Retype the lines below exactly, from the one that contains "采用橡膠繩主要有如下優點:橡" through the last, and leave every picture out.

:: INFORMATION PROVIDED ::
++++++++

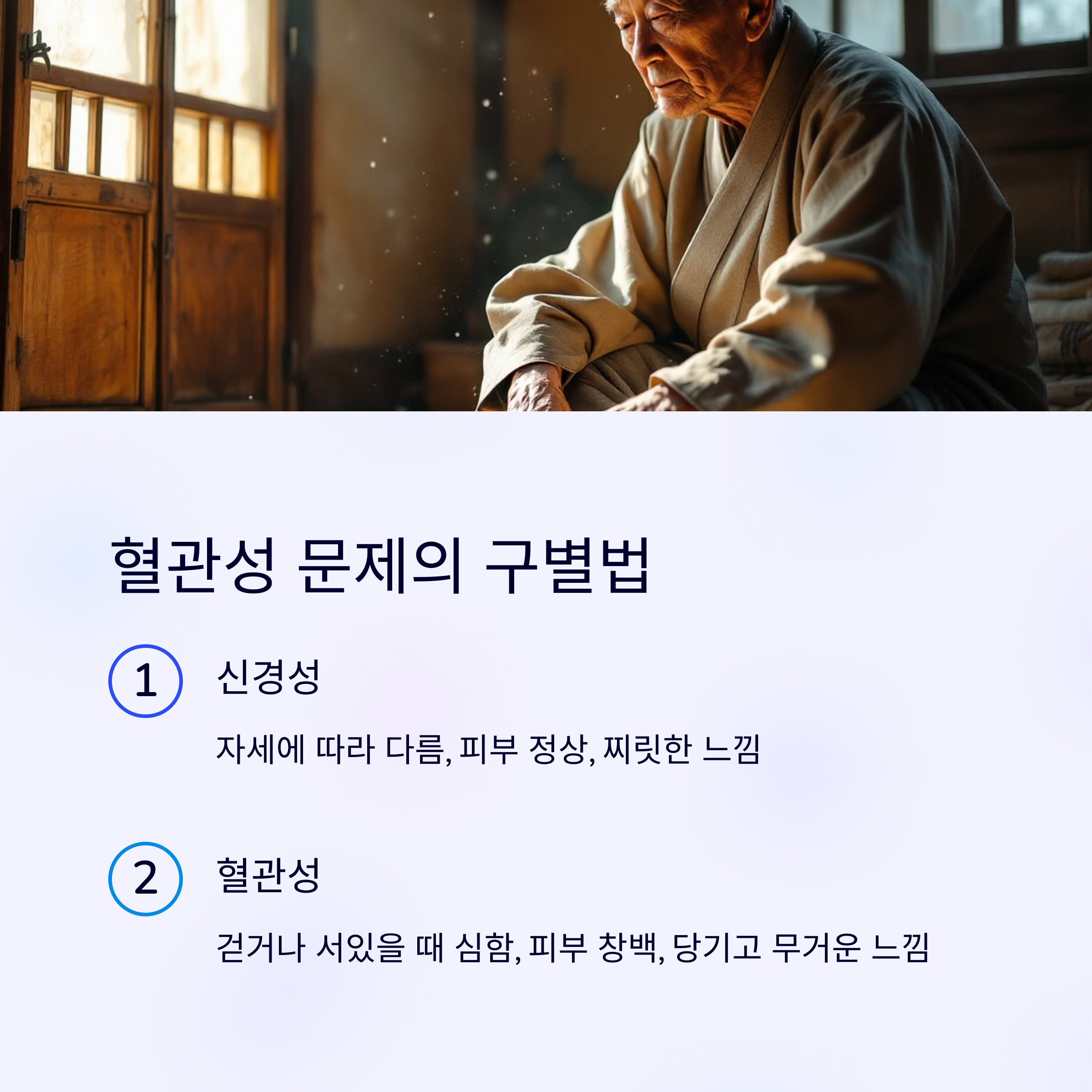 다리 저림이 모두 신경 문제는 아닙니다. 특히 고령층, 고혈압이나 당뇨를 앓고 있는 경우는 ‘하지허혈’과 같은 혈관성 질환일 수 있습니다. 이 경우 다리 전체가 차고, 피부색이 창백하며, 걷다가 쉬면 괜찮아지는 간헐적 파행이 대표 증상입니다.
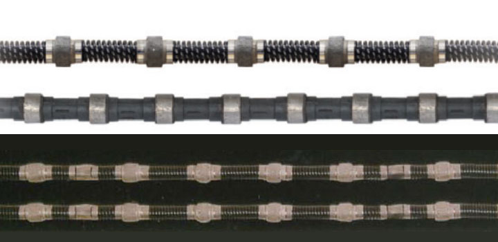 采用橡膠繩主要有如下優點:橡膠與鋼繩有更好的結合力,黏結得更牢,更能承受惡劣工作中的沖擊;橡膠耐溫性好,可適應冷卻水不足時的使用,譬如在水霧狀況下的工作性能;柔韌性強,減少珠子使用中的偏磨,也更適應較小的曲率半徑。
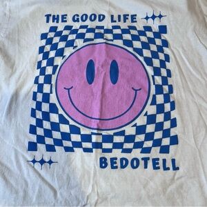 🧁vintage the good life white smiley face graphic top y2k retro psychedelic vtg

++++++++

:: WRITTEN REPLY ::
 采用橡膠繩主要有如下優點:橡膠與鋼繩有更好的結合力,黏結得更牢,更能承受惡劣工作中的沖擊;橡膠耐溫性好,可適應冷卻水不足時的使用,譬如在水霧狀況下的工作性能;柔韌性強,減少珠子使用中的偏磨,也更適應較小的曲率半徑。
 🧁vintage the good life white smiley face graphic top y2k retro psychedelic vtg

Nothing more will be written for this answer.